#### INFORMATION GIVEN
- Opening Delimiter -
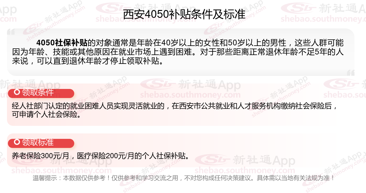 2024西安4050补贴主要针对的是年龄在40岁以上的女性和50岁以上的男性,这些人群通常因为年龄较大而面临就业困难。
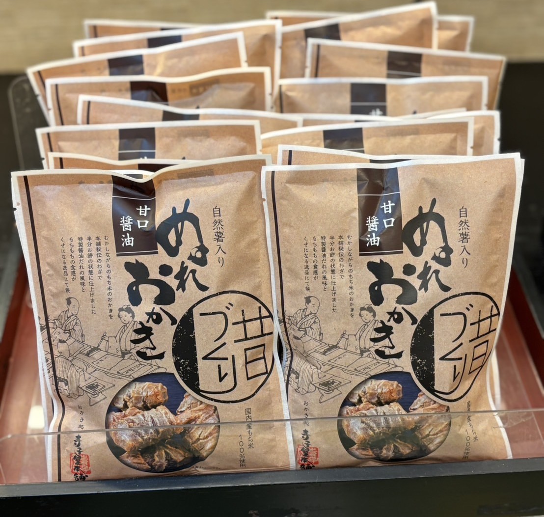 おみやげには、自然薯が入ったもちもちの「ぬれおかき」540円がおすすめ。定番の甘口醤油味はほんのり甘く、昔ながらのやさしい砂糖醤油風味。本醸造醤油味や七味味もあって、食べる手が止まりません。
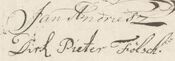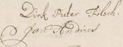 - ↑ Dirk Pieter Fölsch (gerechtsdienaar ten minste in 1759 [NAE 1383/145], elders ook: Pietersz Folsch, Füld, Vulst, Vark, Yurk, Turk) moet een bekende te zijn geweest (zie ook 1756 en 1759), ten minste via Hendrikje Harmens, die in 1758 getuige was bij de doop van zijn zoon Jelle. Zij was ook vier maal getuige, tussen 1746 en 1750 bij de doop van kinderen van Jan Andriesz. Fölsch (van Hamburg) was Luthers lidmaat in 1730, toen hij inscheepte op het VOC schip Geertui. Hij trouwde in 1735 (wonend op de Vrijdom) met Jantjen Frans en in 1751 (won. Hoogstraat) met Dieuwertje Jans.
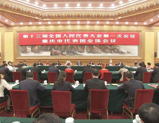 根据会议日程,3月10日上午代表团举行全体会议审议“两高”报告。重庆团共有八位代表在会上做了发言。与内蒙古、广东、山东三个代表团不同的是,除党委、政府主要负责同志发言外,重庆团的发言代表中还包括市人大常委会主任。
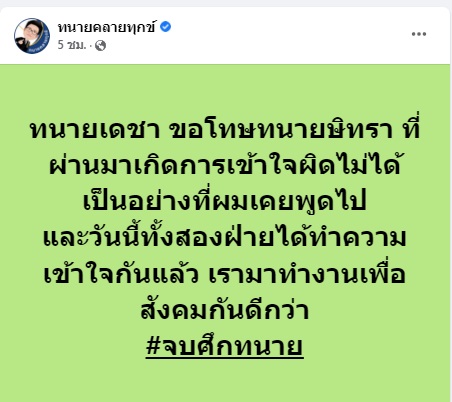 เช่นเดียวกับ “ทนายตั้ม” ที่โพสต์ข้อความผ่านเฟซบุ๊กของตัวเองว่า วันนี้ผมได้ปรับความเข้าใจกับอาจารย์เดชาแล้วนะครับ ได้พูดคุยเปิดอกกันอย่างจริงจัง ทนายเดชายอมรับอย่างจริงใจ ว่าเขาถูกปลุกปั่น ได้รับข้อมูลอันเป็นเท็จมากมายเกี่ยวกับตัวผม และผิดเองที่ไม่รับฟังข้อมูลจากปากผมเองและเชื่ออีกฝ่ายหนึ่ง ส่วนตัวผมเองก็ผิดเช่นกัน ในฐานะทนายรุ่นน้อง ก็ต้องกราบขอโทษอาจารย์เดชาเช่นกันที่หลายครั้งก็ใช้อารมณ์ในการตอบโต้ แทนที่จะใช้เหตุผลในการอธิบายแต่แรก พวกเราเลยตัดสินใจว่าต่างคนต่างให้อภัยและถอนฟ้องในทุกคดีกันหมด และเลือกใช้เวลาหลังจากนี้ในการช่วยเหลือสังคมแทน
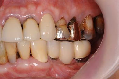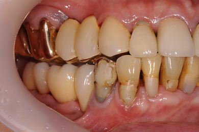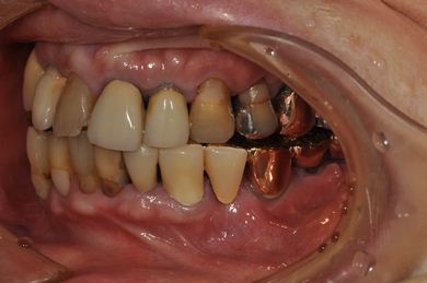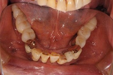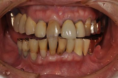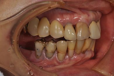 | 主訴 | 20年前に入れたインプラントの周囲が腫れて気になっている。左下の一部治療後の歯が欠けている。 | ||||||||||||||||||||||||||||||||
- Closing Delimiter -
- Opening Delimiter -
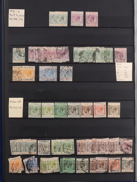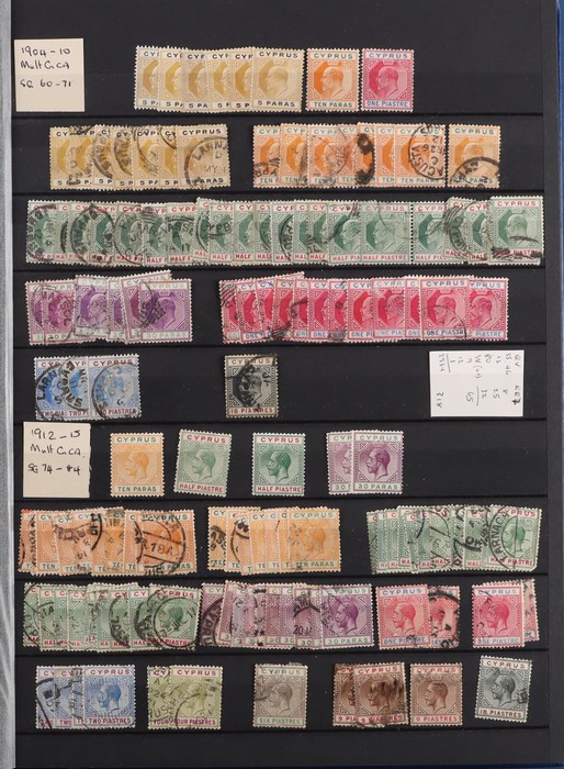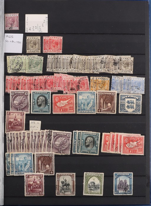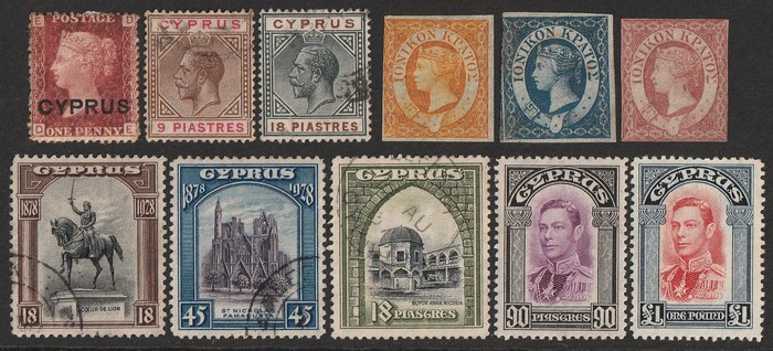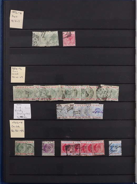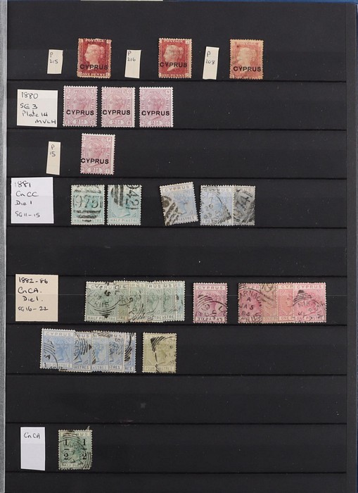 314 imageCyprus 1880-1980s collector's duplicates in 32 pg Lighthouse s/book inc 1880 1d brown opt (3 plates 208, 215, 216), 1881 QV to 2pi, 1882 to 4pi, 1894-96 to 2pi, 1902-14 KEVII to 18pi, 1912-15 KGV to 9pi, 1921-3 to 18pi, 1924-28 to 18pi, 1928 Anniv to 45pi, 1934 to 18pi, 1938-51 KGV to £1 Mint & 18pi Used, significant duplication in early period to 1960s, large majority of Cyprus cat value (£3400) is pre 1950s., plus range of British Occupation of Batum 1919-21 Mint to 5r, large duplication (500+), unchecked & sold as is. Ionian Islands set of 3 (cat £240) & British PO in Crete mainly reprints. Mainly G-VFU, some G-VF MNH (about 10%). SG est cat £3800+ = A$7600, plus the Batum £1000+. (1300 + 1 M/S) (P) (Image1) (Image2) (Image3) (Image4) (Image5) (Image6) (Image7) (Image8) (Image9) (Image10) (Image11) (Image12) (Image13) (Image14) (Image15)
- Closing Delimiter -
#### TASK ITEM
Give back exactly the lines of the listing above from the one that contains "2024西安4050补贴主要" up to and including the one that contains "主訴 | 20年前に入れたインプラントの周囲が腫れて気になっている。左下の一部治療後の歯が欠けている。", but not the pictures, and no other lines.

#### YOUR RESPONSE
 2024西安4050补贴主要针对的是年龄在40岁以上的女性和50岁以上的男性,这些人群通常因为年龄较大而面临就业困难。
 おみやげには、自然薯が入ったもちもちの「ぬれおかき」540円がおすすめ。定番の甘口醤油味はほんのり甘く、昔ながらのやさしい砂糖醤油風味。本醸造醤油味や七味味もあって、食べる手が止まりません。
 - ↑ Dirk Pieter Fölsch (gerechtsdienaar ten minste in 1759 [NAE 1383/145], elders ook: Pietersz Folsch, Füld, Vulst, Vark, Yurk, Turk) moet een bekende te zijn geweest (zie ook 1756 en 1759), ten minste via Hendrikje Harmens, die in 1758 getuige was bij de doop van zijn zoon Jelle. Zij was ook vier maal getuige, tussen 1746 en 1750 bij de doop van kinderen van Jan Andriesz. Fölsch (van Hamburg) was Luthers lidmaat in 1730, toen hij inscheepte op het VOC schip Geertui. Hij trouwde in 1735 (wonend op de Vrijdom) met Jantjen Frans en in 1751 (won. Hoogstraat) met Dieuwertje Jans.
 根据会议日程,3月10日上午代表团举行全体会议审议“两高”报告。重庆团共有八位代表在会上做了发言。与内蒙古、广东、山东三个代表团不同的是,除党委、政府主要负责同志发言外,重庆团的发言代表中还包括市人大常委会主任。
 เช่นเดียวกับ “ทนายตั้ม” ที่โพสต์ข้อความผ่านเฟซบุ๊กของตัวเองว่า วันนี้ผมได้ปรับความเข้าใจกับอาจารย์เดชาแล้วนะครับ ได้พูดคุยเปิดอกกันอย่างจริงจัง ทนายเดชายอมรับอย่างจริงใจ ว่าเขาถูกปลุกปั่น ได้รับข้อมูลอันเป็นเท็จมากมายเกี่ยวกับตัวผม และผิดเองที่ไม่รับฟังข้อมูลจากปากผมเองและเชื่ออีกฝ่ายหนึ่ง ส่วนตัวผมเองก็ผิดเช่นกัน ในฐานะทนายรุ่นน้อง ก็ต้องกราบขอโทษอาจารย์เดชาเช่นกันที่หลายครั้งก็ใช้อารมณ์ในการตอบโต้ แทนที่จะใช้เหตุผลในการอธิบายแต่แรก พวกเราเลยตัดสินใจว่าต่างคนต่างให้อภัยและถอนฟ้องในทุกคดีกันหมด และเลือกใช้เวลาหลังจากนี้ในการช่วยเหลือสังคมแทน
 | 主訴 | 20年前に入れたインプラントの周囲が腫れて気になっている。左下の一部治療後の歯が欠けている。 | ||||||||||||||||||||||||||||||||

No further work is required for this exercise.